Much safer to take our advice. A trainer is closer and might get pissed and slap the shit out of you 

Just kidding bro...keep up the diet and training and you'll get there.


----------



## readyformore (Sep 26, 2009)

okay let me go ahead and do what built suggested me, i'll post up a routine after i make one and i'll take all the suggestions that i need and actually listen to them... i'll do this with in the next few day's... considering i have to wake up for work in 2 hours LOL screw me!


----------



## readyformore (Sep 27, 2009)

well wow last night i was just messing around and what not so i like pulled my stomach down like by my belly button and i could completely see a six pack... I lost weight super fast (about 85ish pounds in 6 months then 10 more over around another 6 months) does that have anything to do with it or do i just need to loose the weight?


----------



## DiGiTaL (Sep 27, 2009)

readyformore said:


> well... i got my body fat % tested today... it was pretty low compared to the last time i measured it... last time they said it was 13.8% but i messed up and told them i weighed 10 pounds more than i actually did... but now i can tell i've lost fat weight and gained muscle weight and it's at 11.4%... is that pretty respectable for wanting abs? 11.4%?



Where did you get this test done?


----------



## readyformore (Sep 28, 2009)

DiGiTaL said:


> Where did you get this test done?



the gym? lol i'm pretty damn skinny... i've been skinnier i can show by a different pic lol


----------



## Merkaba (Sep 29, 2009)

so now youre going to tell us you held a device in your hands to test your body fat??? Or did they use the calipers?


----------



## readyformore (Sep 29, 2009)

Merkaba said:


> so now youre going to tell us you held a device in your hands to test your body fat??? Or did they use the calipers?



the stupid device thingy... (there to lazy to do it with the calipers....) so i'm guessing it's around 11-12% i know for a fact it's not over 12%

and another thing tonight i went running did some HIIT, barely did it though for like 5 mins or so because my side just got so cramped up... my left side of my stomach always get's really cramped up and i'm not sure what it is... do you guy's have any idea?


----------



## AKIRA (Sep 29, 2009)

Your bodyfat isnt huge, but its higher than you think.

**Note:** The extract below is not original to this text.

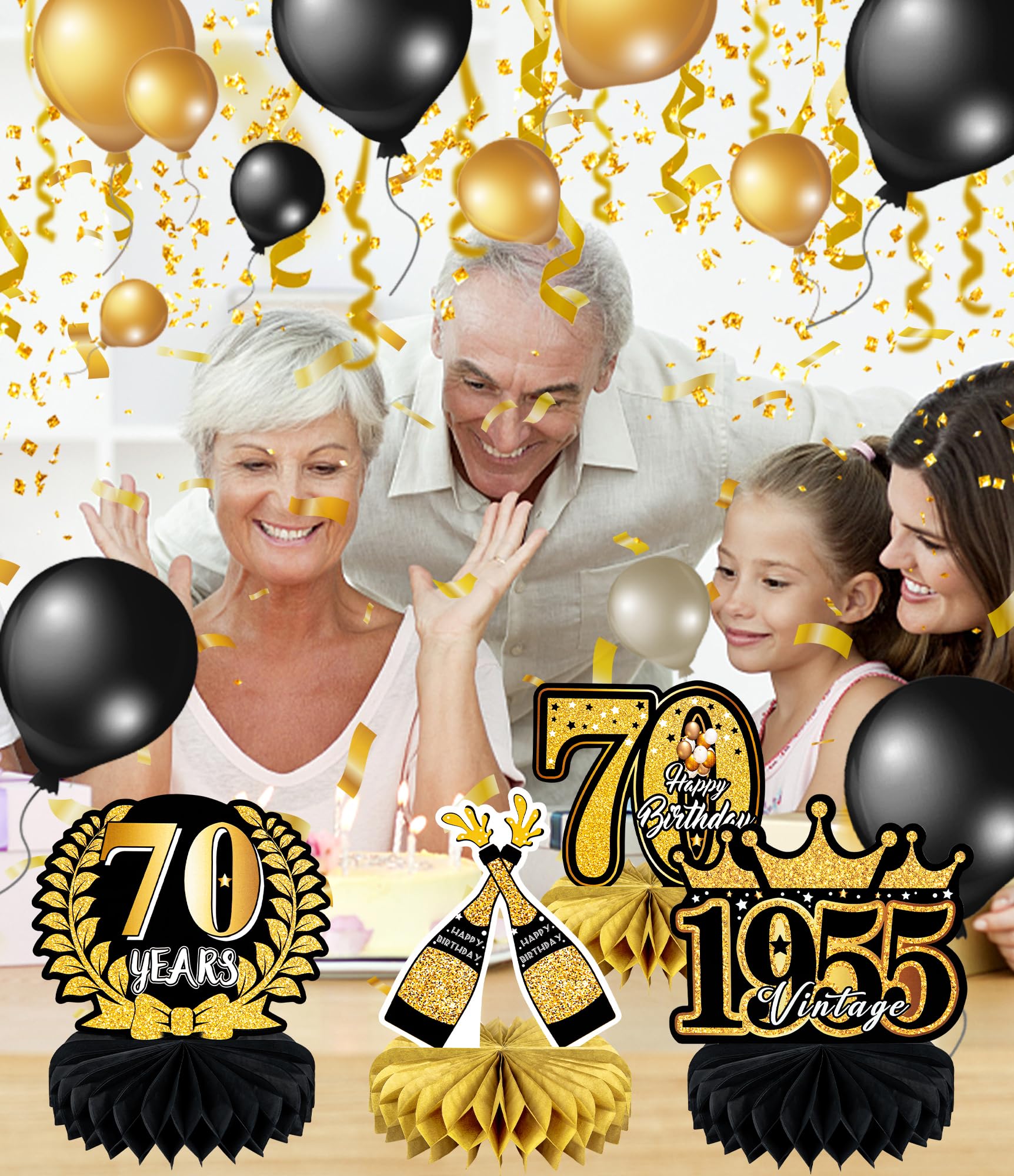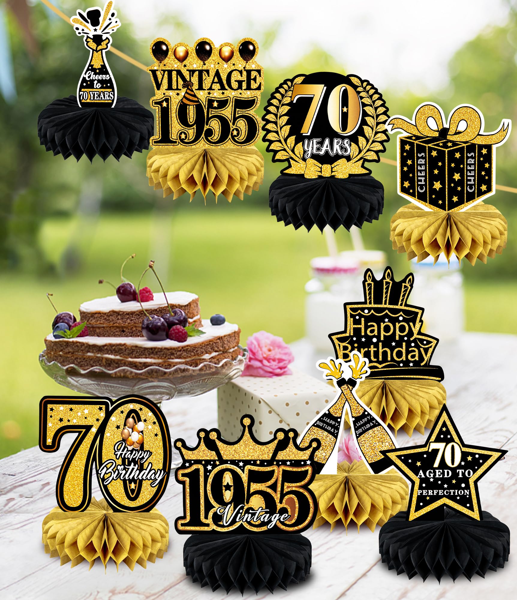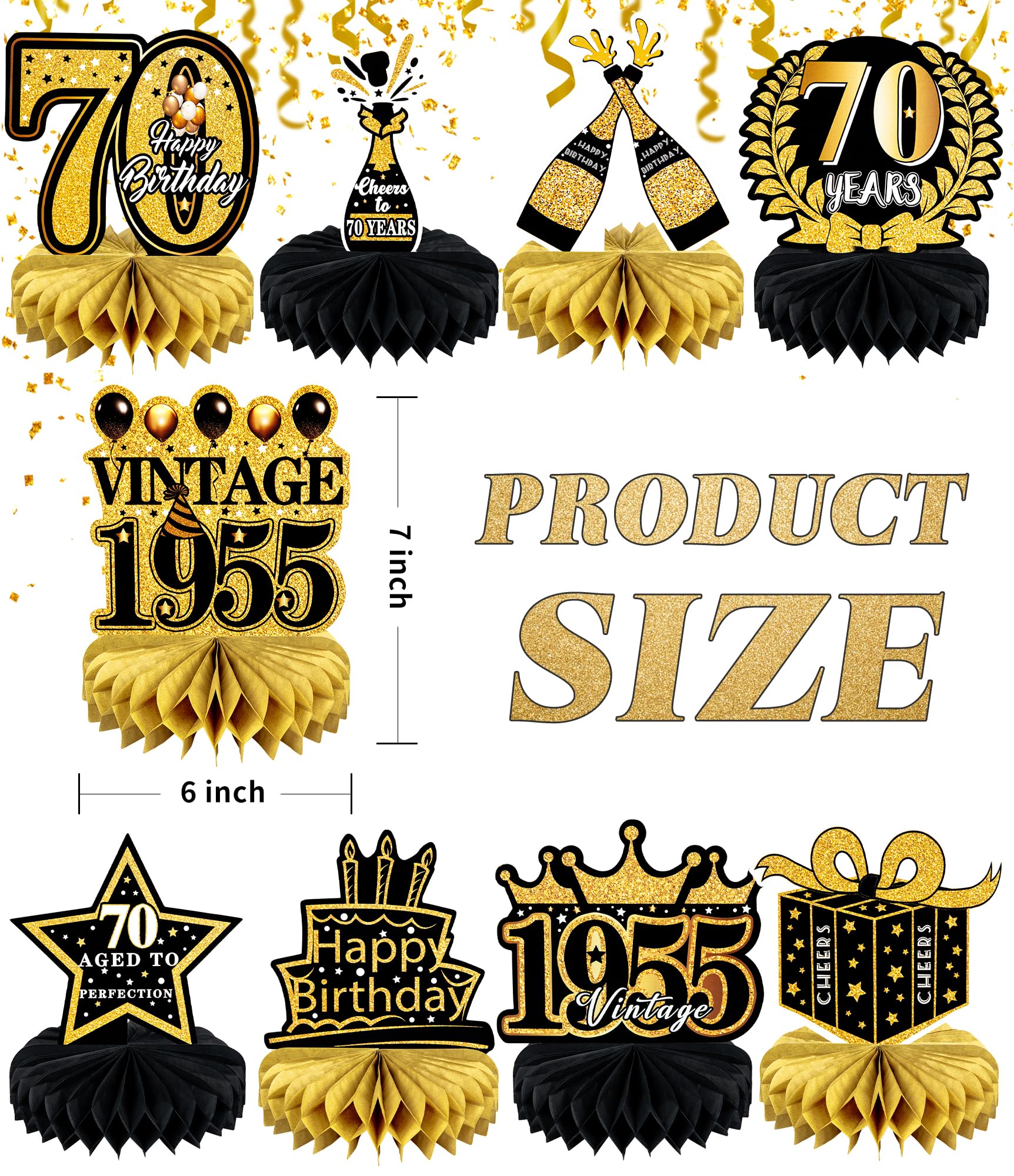 💖70th BIRTHDAY PACKAGE INCLUDES: Our 70 birthday decorations for men women including 9 patterned cardboard and 9 paper honeycombs. These decorations exquisitely designed with interesting birthday elements. It is very suitable as a decoration for your 70th birthday table decorations, you can place it on the table or hang it with a clip

That pic is not a good one.  You looked like you were punched in the torso by a fist the size of hulk's.  When I flex my abs, my torso is more flat.  

Honestly, if I had your physique, abs would be last on my list for the time being.


----------



## Merkaba (Sep 29, 2009)

Yep. I quietly agree with Akira.  I'm about 12 or so right now.  12 looks different on different people depending on whats under that 12.  12, 13, 14, is not bad.  My point is that those machines are notorius for being innacurate.  You should take multiple readings at various times of the day.  They can vary depending on your current levels of electrolytes,water, etc.


----------



## readyformore (Sep 29, 2009)

Here's a side picture of me lol


----------



## Ben dur (Sep 29, 2009)

what is your diet like?

just give me some examples of your average day


----------



## AKIRA (Sep 29, 2009)

If you told me you dont work out, I wouldnt disagree.
If you told me you worked out, Id ask what youre doing wrong.

Forget the ab sightings for now.


----------



## readyformore (Sep 29, 2009)

Ben dur said:


> what is your diet like?
> 
> just give me some examples of your average day



chicken and some more chicken? i don't know i do more of a sea food diet  no but really i still haven't made a diet actually today is my day off and i'm going to get on that right now



AKIRA said:


> If you told me you dont work out, I wouldnt disagree.
> If you told me you worked out, Id ask what youre doing wrong.
> 
> Forget the ab sightings for now.




lol i bench press 240, my chest just looks small in that pic don't hate!!!!!


----------



## Marat (Sep 29, 2009)

readyformore said:


> really i still haven't made a diet



You don't need to do much work. It's all in my signature. You don't have to believe me, but the link is authored by Built.


----------



## readyformore (Sep 29, 2009)

m11 said:


> You don't need to do much work. It's all in my signature. You don't have to believe me, but the link is authored by Built.



lolz i know i'm reading it right now that's where iwa s going to make it from but one question i have is just i'm going to need to know the food's to eat ugh it's so hard to choose from the millions of foods that there is out there and pick the right ones for the right intake you know?


----------



## Marat (Sep 29, 2009)

It's not as difficult as it sounds. You also surely aren't going to buy up the whole grocery store anyway. 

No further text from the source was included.